Work item -
Word for word, repeat the lines of the records from the first line up to and including the line that contains "겨울에 단화신고 살짝비치는", passing over any pictures.

Recorded data:
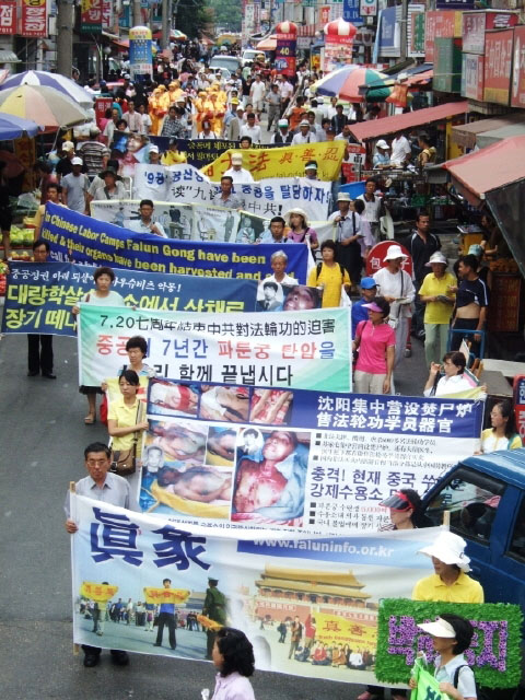 韩国法轮功学员举办活动游行谴责中共活摘器官的暴行,图为游行队伍穿过华人街2006-8-20
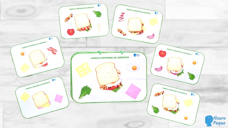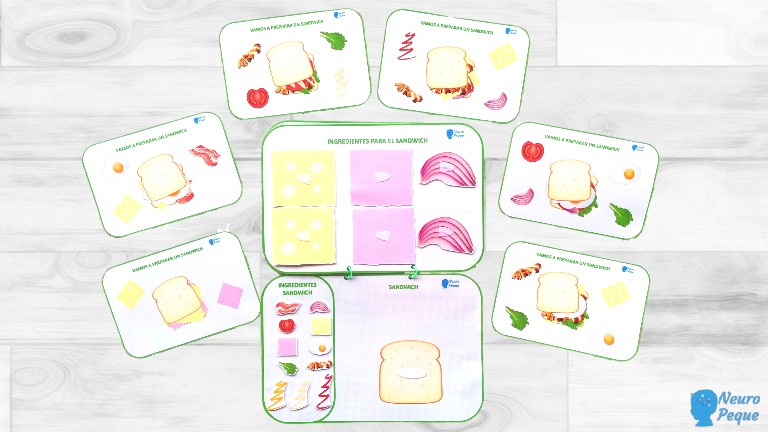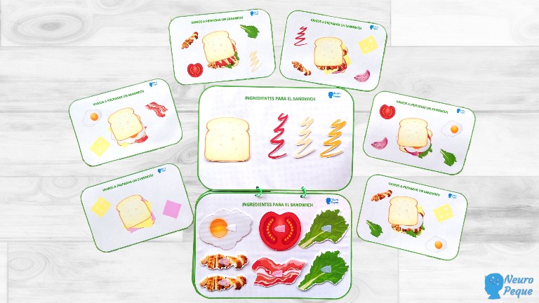 La idea es que los peques preparen sandwich con diferentes ingredientes según los que marquemos nosotros en la lámina o bien que los modelos ya hechos.
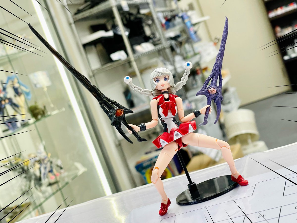 ちょこっと調整したのと 腕を武装腕に変更 こっちの方がバランスいい気する …またやること増えたな?🤔 #メガミデバイス #くるーむFACTORY twitter.com/Yae7th/statu…
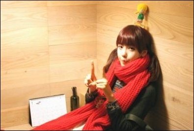 겨울에 단화신고 살짝비치는 검은색스타킹에 짧지않은 교복삘나는 스커트입고 위에는 어두운계열의 코트를 걸치고 목에 빨간 목도리한뒤 머리는 어깨위 단발머리.
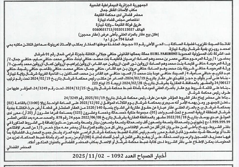 Il sera procédé à la vente au plus offrant et dernier enchérisseur le :

Answer -
 韩国法轮功学员举办活动游行谴责中共活摘器官的暴行,图为游行队伍穿过华人街2006-8-20
 La idea es que los peques preparen sandwich con diferentes ingredientes según los que marquemos nosotros en la lámina o bien que los modelos ya hechos.
 ちょこっと調整したのと 腕を武装腕に変更 こっちの方がバランスいい気する …またやること増えたな?🤔 #メガミデバイス #くるーむFACTORY twitter.com/Yae7th/statu…
 겨울에 단화신고 살짝비치는 검은색스타킹에 짧지않은 교복삘나는 스커트입고 위에는 어두운계열의 코트를 걸치고 목에 빨간 목도리한뒤 머리는 어깨위 단발머리.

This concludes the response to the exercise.